* [Brief] Every line of the listing belongs in your answer exactly as written; the images do not.

--*--

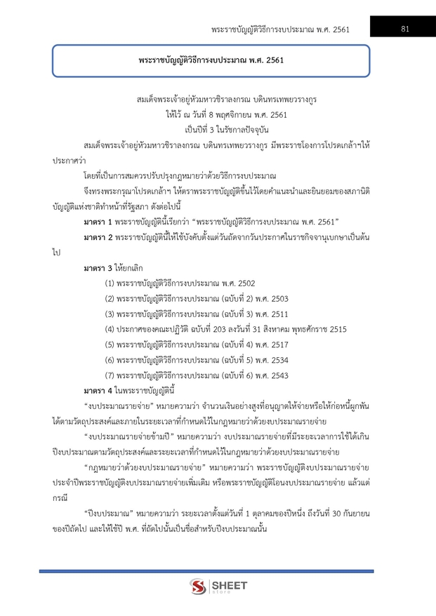 – พระราชบัญญัติวิธีการงบประมาณ พ.ศ. 2561
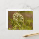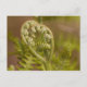 Foto macro de un helecho de cabeza de campo que se despliega en forma de corazón.
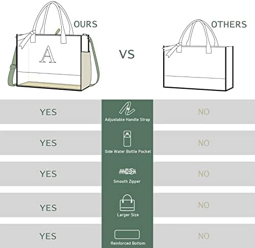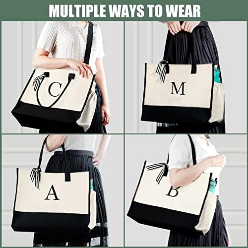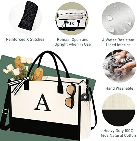 Initial Canvas Beach Tote Bag with Zipper Pockets Birthday Gifts for Women, Personalized Monogrammed Strap, Reusable Grocery Bags – Wedding Bride Bridemaids Friend Letter A
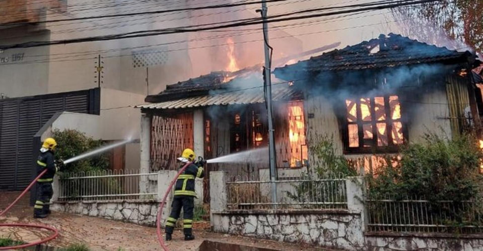Casa é destruída pelo fogo no centro de Passo Fundo
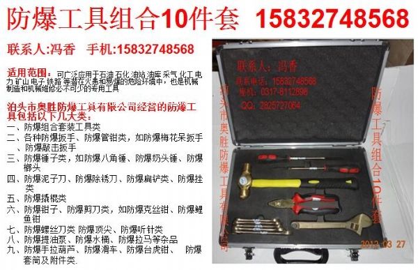 泊頭市奧勝防爆工具有限公司專業(yè)生產(chǎn)各種組合工具:ex-aswxty17/28/34/56防爆維修組合工具9件,防爆工具,特種工具,防爆人體靜電釋放器,靜電接地報(bào)警器,法蘭靜電連接片,法蘭靜電跨接線,防爆組合工具,防爆扳手,防爆梅花扳手,防爆呆扳手,防爆錘,防爆鉗,防爆漏斗,防爆油壺,防爆油桶,防爆石油工具組合,防爆天然氣工具,防爆防靜電安全帶,防爆計(jì)量工具,防爆棧橋工具,防爆無火花組合工具,防爆配電室組合工具,防爆銅工具組合,防爆維修組合工具,防爆檢維修工具組合,防爆電工工具組合,等以及各種石油石化組合專用工具,加油站天然氣專用工具,搶險(xiǎn)工具,各種環(huán)境作業(yè)工具。
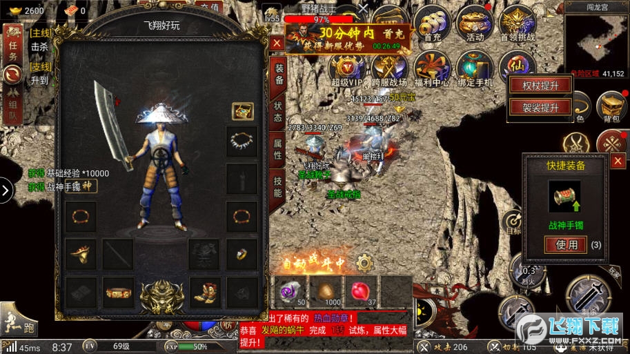 1、轻松挂机解放双手,游戏装备无绑定自由交易,稀世装备永久保值,屠龙霸业谁与争锋。
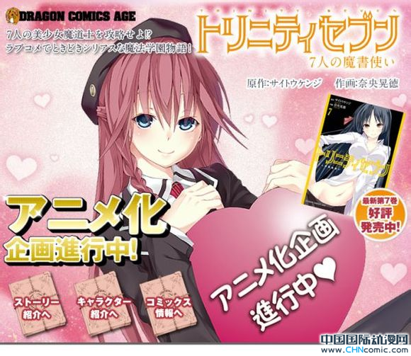 奈央晃德负责作画的少年漫画《七人魔法使》在特设页上宣布本作的动画化企划进行中!详细情报则有待官方进一步更新。漫画《七人魔法使》是自2011开始在《月刊Dragon Age Pure》上连载的作品,内容涵盖了冒险、魔法、后宫等题材。目前《七人魔法使》漫画已经推出了7卷单行本,并推出了广播剧CD,声优包括了细谷佳正、下屋则子、伊濑茉莉也、茅野爱衣、藤田咲、三森铃子、小林优、大久保瑠美、藤村歩、三上枝织、游佐浩二等人。 不知此次动画化是否会沿用这个阵容?
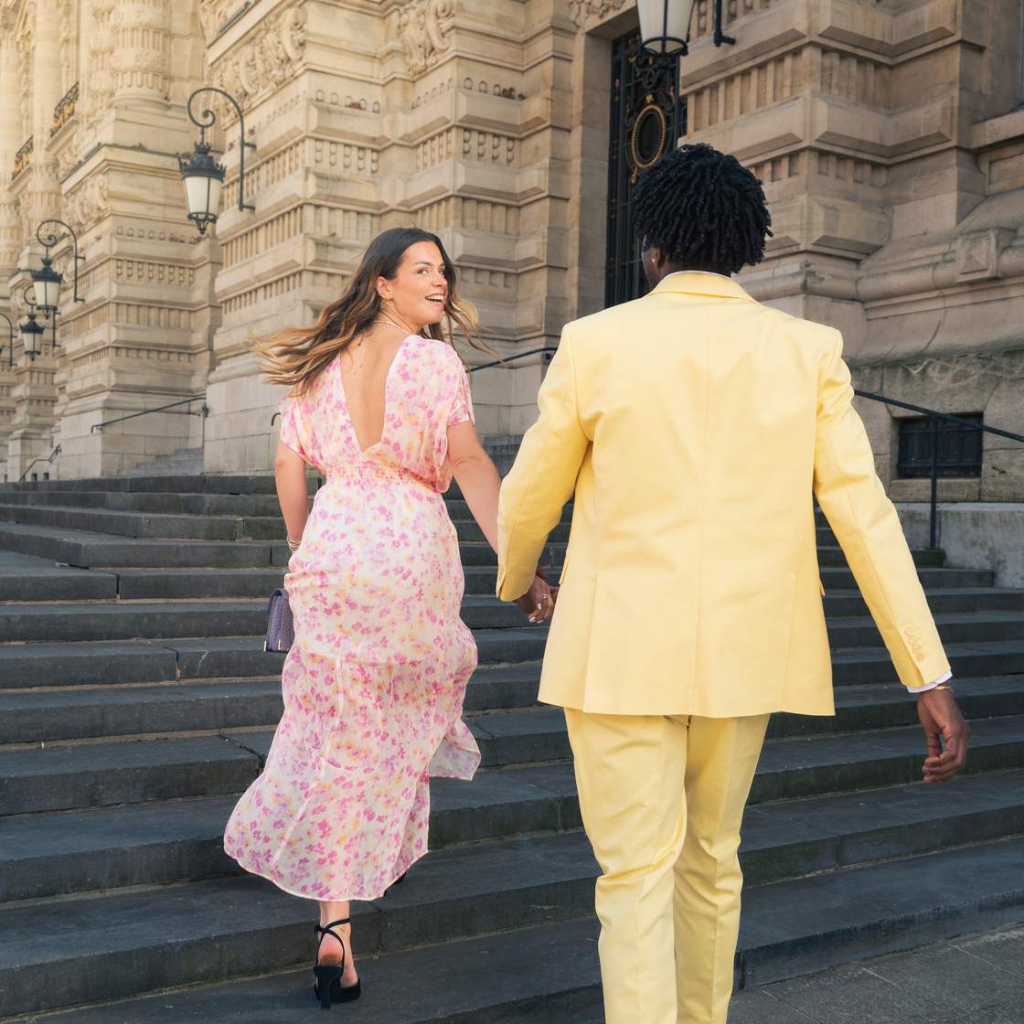 This season, dare to wear pastel tones. Powder pink, butter yellow, sky blue… Romantic colours that will brighten your ceremony looks. Fall for this Tara Jarmon dress or this Maje tailored suit, for example. Terracotta shades, like this Maison 123 dress, will also be part of the celebration this season.
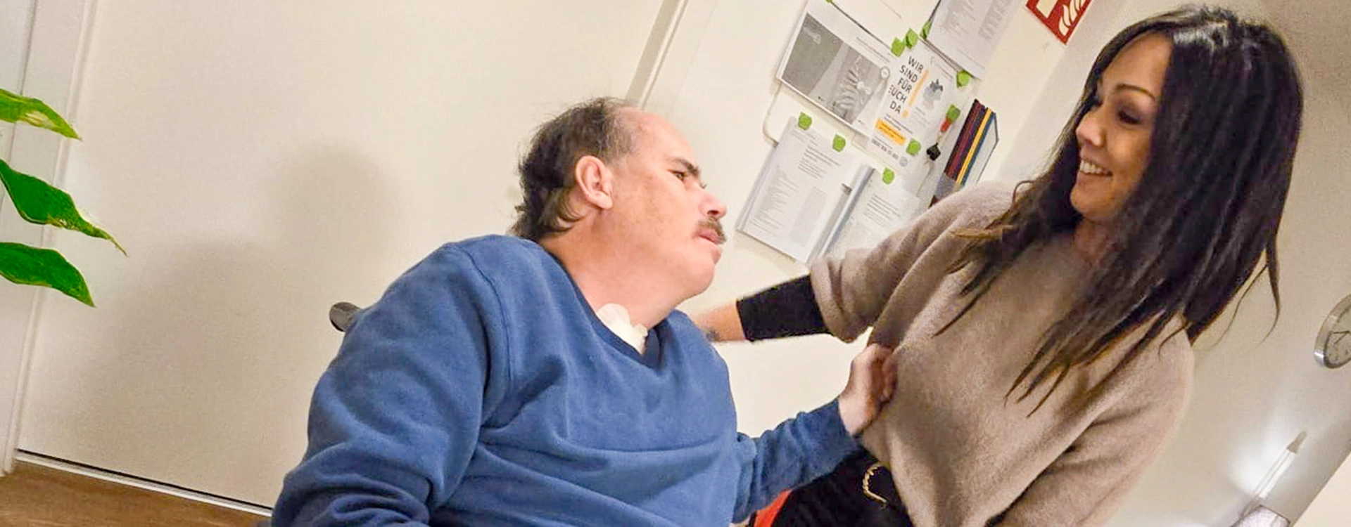 Wie schade, dass Uwe die WG nun schon verlassen muss. Denn er hat sich bestens eingelebt und ist allen ans Herz gewachsen. Aus dem Nichts ruft er: „Ich mag Camilla!“ „Und ich mag dich, Uwe“, erwidert Camilla. „Wir sind schon ein gutes Team und haben viel geschafft. Ich werde ihn sehr vermissen.“ Und das nicht nur, weil er ihr ein bisschen bei den Büroarbeiten unter die Arme gegriffen hat, mal die Zettel aus dem Kopierer geholt oder Zettel eingeheftet hat. Nein, Uwe hat die ganze WG auf Trab gehalten. Aber der sympathische Bewohner hat eben auch noch sein eigentliches Leben mit den Bezugspersonen, die ihm wichtig sind. Seine Freundin Katharina zum Beispiel, mit der er jeden Abend telefoniert hat. „Deswegen haben wir zugesehen, dass wir die Dekanülierung so schnell wie möglich hinkriegen“, betont Camilla.
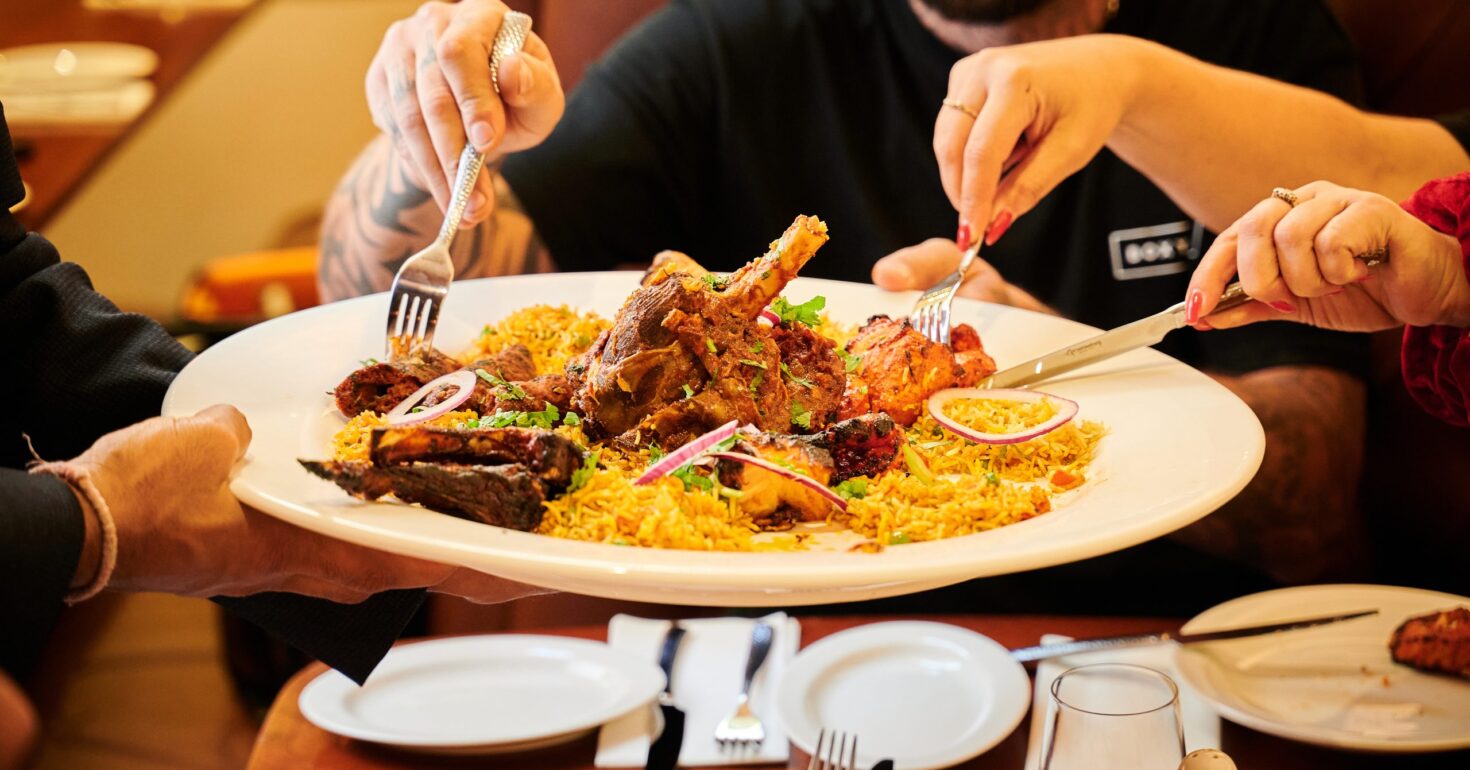 First up, though, the location. Found in the lower ground floor of a historic red brick apartment building on Princess Street, customers climb down the steps into a sophisticated, minimalist dining room with clean lines framing ornately patterned carpet, walls and ceiling. Open late into the night, there’s a fully licensed videsi bar, which plies an excellent trade in speciality cocktails. Onto the food, and you’ll find an easy to decipher menu, mains separated into different meats, fish and veg options, with plenty of classics available — Jaipuri and Bombay Aloo, Lamb Rogan, or Chicken Korma.
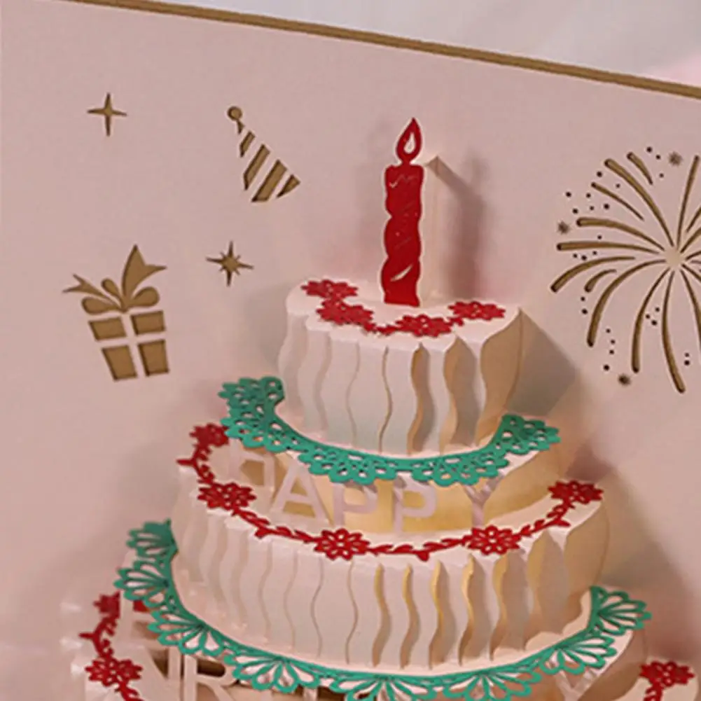 Taking its 3D effect birthday cake shape design, this card has a three-dimensional feel and a beautiful, realistic colour scheme. The folding design is very easy to carry.
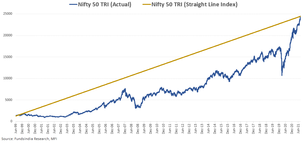 With a constant return trajectory, Nifty 50 TRI offered a CAGR of 14.3% since inception!
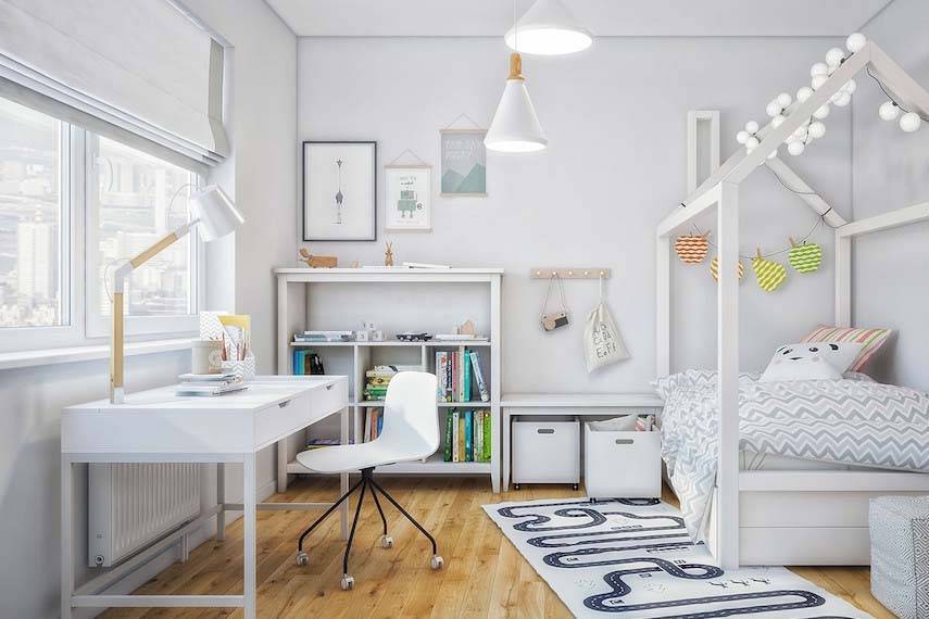 Мебель для детской комнаты выбирают соответственно возрасту. Лучше всего отдавать предпочтение нейтральным вариантам: коричневому, серому, белому или чёрному столу. Яркие акценты в комнате школьник расставит сам, но мебель в первую очередь должна быть практичной.
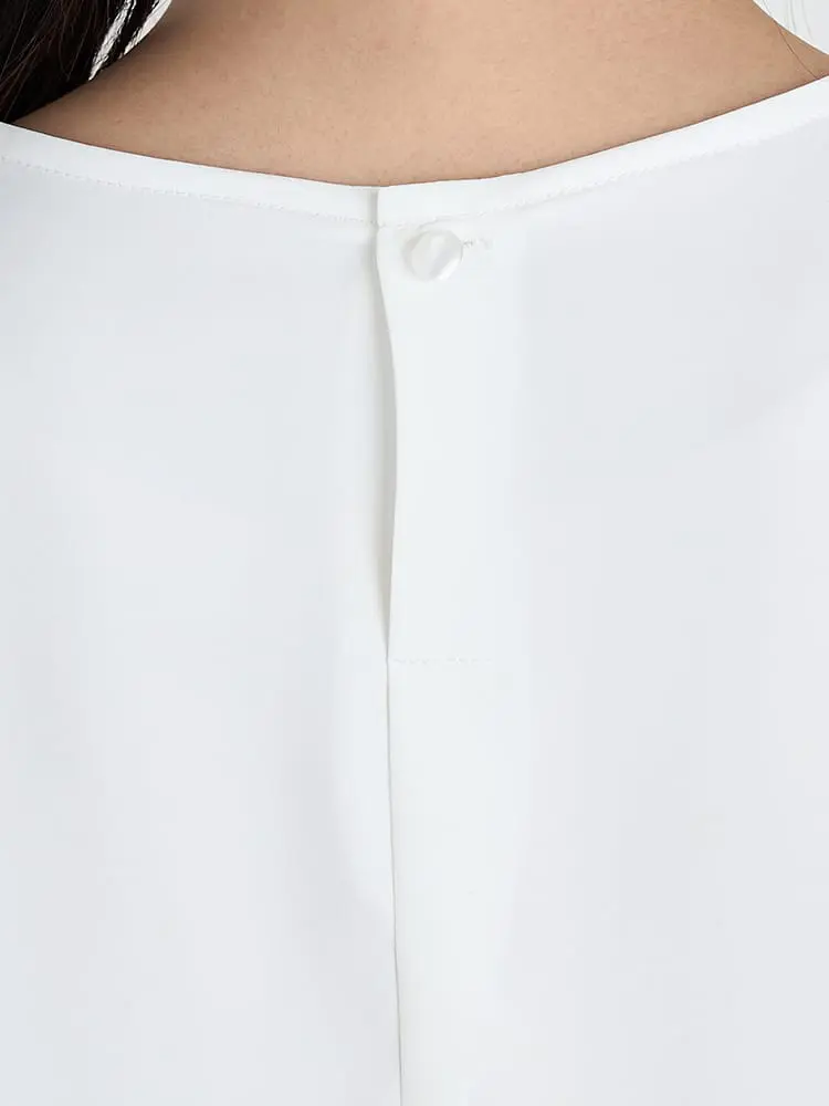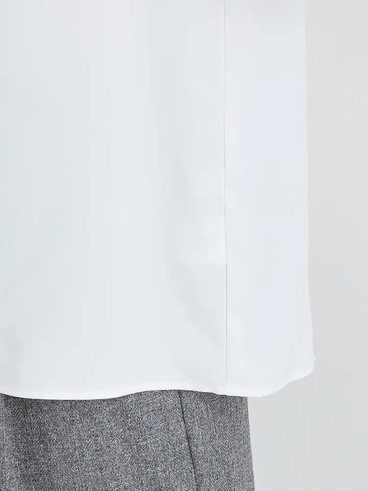 ジャケットのインナーとしても映えるデザインで、オフィスコーデにも活躍します。

--*--

* [Worked solution]
 – พระราชบัญญัติวิธีการงบประมาณ พ.ศ. 2561
 Foto macro de un helecho de cabeza de campo que se despliega en forma de corazón.
 Initial Canvas Beach Tote Bag with Zipper Pockets Birthday Gifts for Women, Personalized Monogrammed Strap, Reusable Grocery Bags – Wedding Bride Bridemaids Friend Letter A
Casa é destruída pelo fogo no centro de Passo Fundo
 泊頭市奧勝防爆工具有限公司專業(yè)生產(chǎn)各種組合工具:ex-aswxty17/28/34/56防爆維修組合工具9件,防爆工具,特種工具,防爆人體靜電釋放器,靜電接地報(bào)警器,法蘭靜電連接片,法蘭靜電跨接線,防爆組合工具,防爆扳手,防爆梅花扳手,防爆呆扳手,防爆錘,防爆鉗,防爆漏斗,防爆油壺,防爆油桶,防爆石油工具組合,防爆天然氣工具,防爆防靜電安全帶,防爆計(jì)量工具,防爆棧橋工具,防爆無火花組合工具,防爆配電室組合工具,防爆銅工具組合,防爆維修組合工具,防爆檢維修工具組合,防爆電工工具組合,等以及各種石油石化組合專用工具,加油站天然氣專用工具,搶險(xiǎn)工具,各種環(huán)境作業(yè)工具。
 1、轻松挂机解放双手,游戏装备无绑定自由交易,稀世装备永久保值,屠龙霸业谁与争锋。
 奈央晃德负责作画的少年漫画《七人魔法使》在特设页上宣布本作的动画化企划进行中!详细情报则有待官方进一步更新。漫画《七人魔法使》是自2011开始在《月刊Dragon Age Pure》上连载的作品,内容涵盖了冒险、魔法、后宫等题材。目前《七人魔法使》漫画已经推出了7卷单行本,并推出了广播剧CD,声优包括了细谷佳正、下屋则子、伊濑茉莉也、茅野爱衣、藤田咲、三森铃子、小林优、大久保瑠美、藤村歩、三上枝织、游佐浩二等人。 不知此次动画化是否会沿用这个阵容?
 This season, dare to wear pastel tones. Powder pink, butter yellow, sky blue… Romantic colours that will brighten your ceremony looks. Fall for this Tara Jarmon dress or this Maje tailored suit, for example. Terracotta shades, like this Maison 123 dress, will also be part of the celebration this season.
 Wie schade, dass Uwe die WG nun schon verlassen muss. Denn er hat sich bestens eingelebt und ist allen ans Herz gewachsen. Aus dem Nichts ruft er: „Ich mag Camilla!“ „Und ich mag dich, Uwe“, erwidert Camilla. „Wir sind schon ein gutes Team und haben viel geschafft. Ich werde ihn sehr vermissen.“ Und das nicht nur, weil er ihr ein bisschen bei den Büroarbeiten unter die Arme gegriffen hat, mal die Zettel aus dem Kopierer geholt oder Zettel eingeheftet hat. Nein, Uwe hat die ganze WG auf Trab gehalten. Aber der sympathische Bewohner hat eben auch noch sein eigentliches Leben mit den Bezugspersonen, die ihm wichtig sind. Seine Freundin Katharina zum Beispiel, mit der er jeden Abend telefoniert hat. „Deswegen haben wir zugesehen, dass wir die Dekanülierung so schnell wie möglich hinkriegen“, betont Camilla.
 First up, though, the location. Found in the lower ground floor of a historic red brick apartment building on Princess Street, customers climb down the steps into a sophisticated, minimalist dining room with clean lines framing ornately patterned carpet, walls and ceiling. Open late into the night, there’s a fully licensed videsi bar, which plies an excellent trade in speciality cocktails. Onto the food, and you’ll find an easy to decipher menu, mains separated into different meats, fish and veg options, with plenty of classics available — Jaipuri and Bombay Aloo, Lamb Rogan, or Chicken Korma.
 Taking its 3D effect birthday cake shape design, this card has a three-dimensional feel and a beautiful, realistic colour scheme. The folding design is very easy to carry.
 With a constant return trajectory, Nifty 50 TRI offered a CAGR of 14.3% since inception!
 Мебель для детской комнаты выбирают соответственно возрасту. Лучше всего отдавать предпочтение нейтральным вариантам: коричневому, серому, белому или чёрному столу. Яркие акценты в комнате школьник расставит сам, но мебель в первую очередь должна быть практичной.
 ジャケットのインナーとしても映えるデザインで、オフィスコーデにも活躍します。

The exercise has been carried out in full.